Albany is a city located in eastern New York. When Netherlander Henry Hudson arrived in what would become Albany in 1609, the Mohican Indians lived in several villages in the area. The Mohicans gave Hudson’s crew furs, and the Dutch East India Company sent representatives to trade with the Native peoples. The Dutch established the village of Beverwyck within the territory of the New Netherlands. Beverwyck hosted a diverse population of Germans, French, Swedes, English, Irish, Scots, Dutch, and Africans. After the fall of New Netherlands to Britain in 1664, Beverwyck was renamed Albany in honor of the colony’s proprietor James, Duke of York and Albany. In 1686, Albany was granted a charter that incorporated the city and provided it the sole right to negotiate trade with Native Americans. During the French and Indian War, Albany was designated as the British military headquarters in the Americas. During the Revolutionary War, most Albany residents supported the revolution because of their opposition to British trade restrictions.

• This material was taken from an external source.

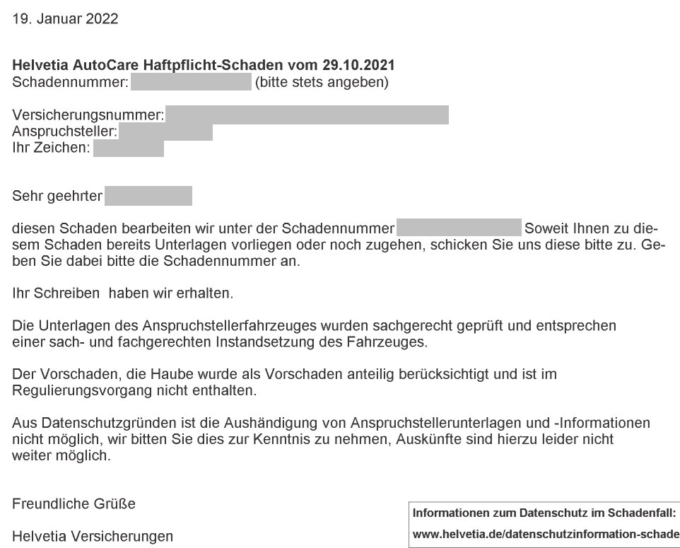 "Ich bedauere Ihnen mitteilen zu müssen, dass ich aufgrund dieser Regulierungsart, die jedem Betrug alle Tore öffnet, die Versicherungsverträge nicht länger bei Ihrem Unternehmen aufrecht halten kann. Mit Verkauf des (T3) werde ich dem Käufer davon abraten müssen, das Fahrzeug bei Ihnen zu versichern.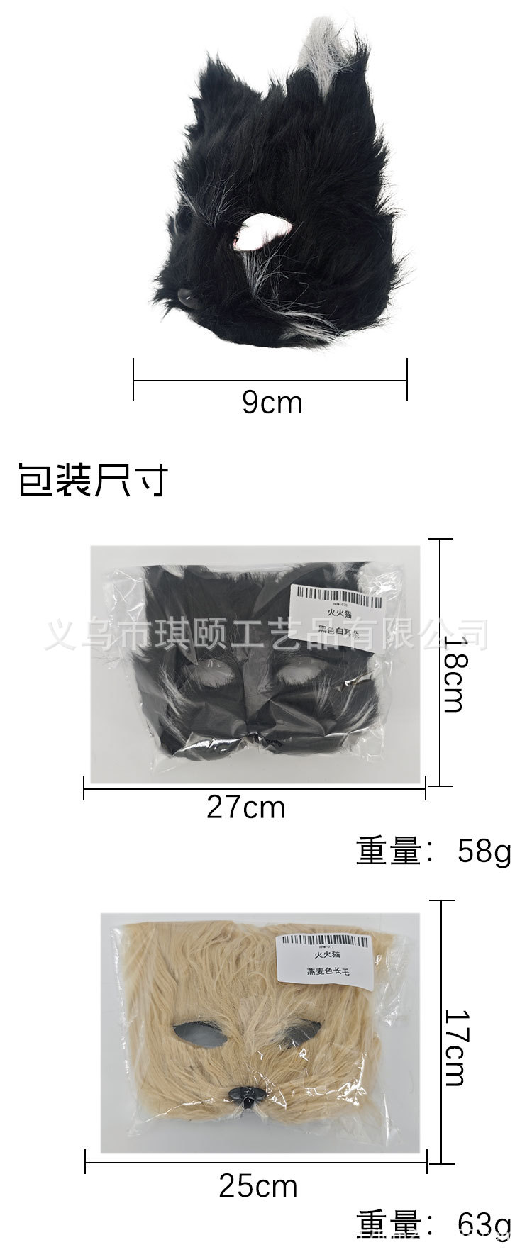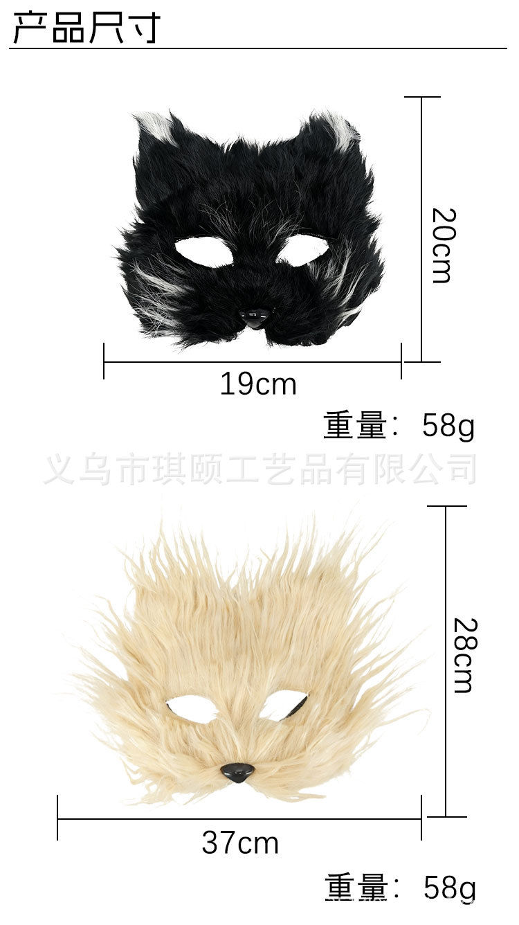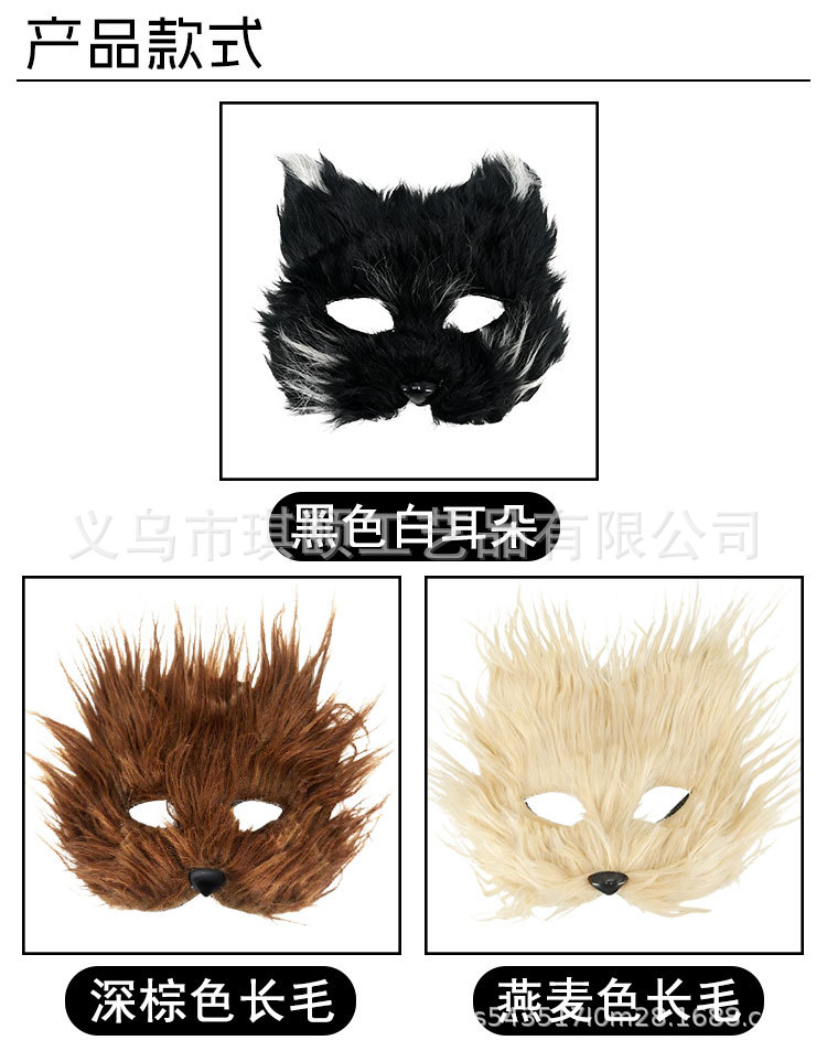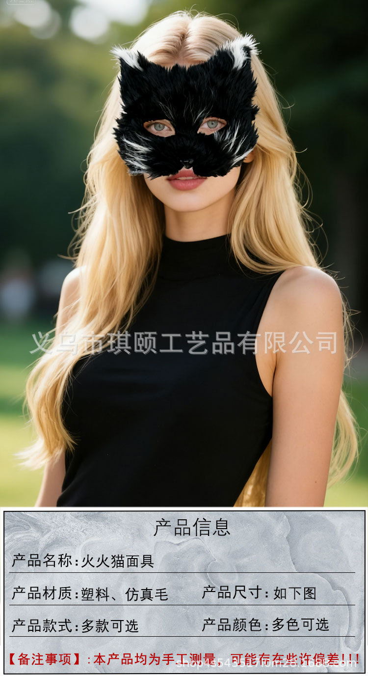 Cross-border nuevo zorro peludo largo cara de gato mitad cara máscara de gato de fuego máscara sexual interesante máscara de cara completa Halloween

Oneida is a city in Madison County located at the geographical center of New York state. Before European settlement of the area, the Oneida Tribe, one of the Six Nations of the Haudenosaunee (Iroquois) Confederacy, inhabited a large territory adjacent to nearby Oneida Lake. Around 1533, they built their first village on the south shore of the lake, at or near the mouth of Oneida Creek. At the end of the 17th century, this area began suffering raids by parties from the French colony of Quebec, in a battle to control the fur trade. In 1696, Oneida village was burned by the French. As a result, the Oneidas moved their chief village east of the original site, called Old Oneida, to a new site called Kanawalohale, also known as Oneida Castle, which was fortified by tall palisades and a moat. This is the site of the present-day village of Oneida Castle, a small hamlet west of the city of Oneida in the northwest corner of the town of Vernon. When used in Occom Circle documents, the place name "Oneida" usually refers to the territory inhabited by the Tribe east of Oneida Lake, but can also refer specifically to Oneida Castle. Although the Oneidas sided with the patriots during the Revolutionary War, much of their territory was sold or appropriated by the state of New York. In 1790, the first European settlers moved into the area of Old Oneida village, and the district began to expand. In the 1830s, the state built a feeder from Oneida Creek through the present city site to provide water for the new canal system, which enabled canal boats to ship freight into the town. Eventually, the railroad came through the town and helped with its expansion. This led to the incorporation of the Village of Oneida in 1848 and the establishment of the Town of Oneida in 1896. The town was chartered as the City of Oneida in 1901, and with two more railroad lines transecting the area, it became a thriving manufacturing center for the first half of the 20th century.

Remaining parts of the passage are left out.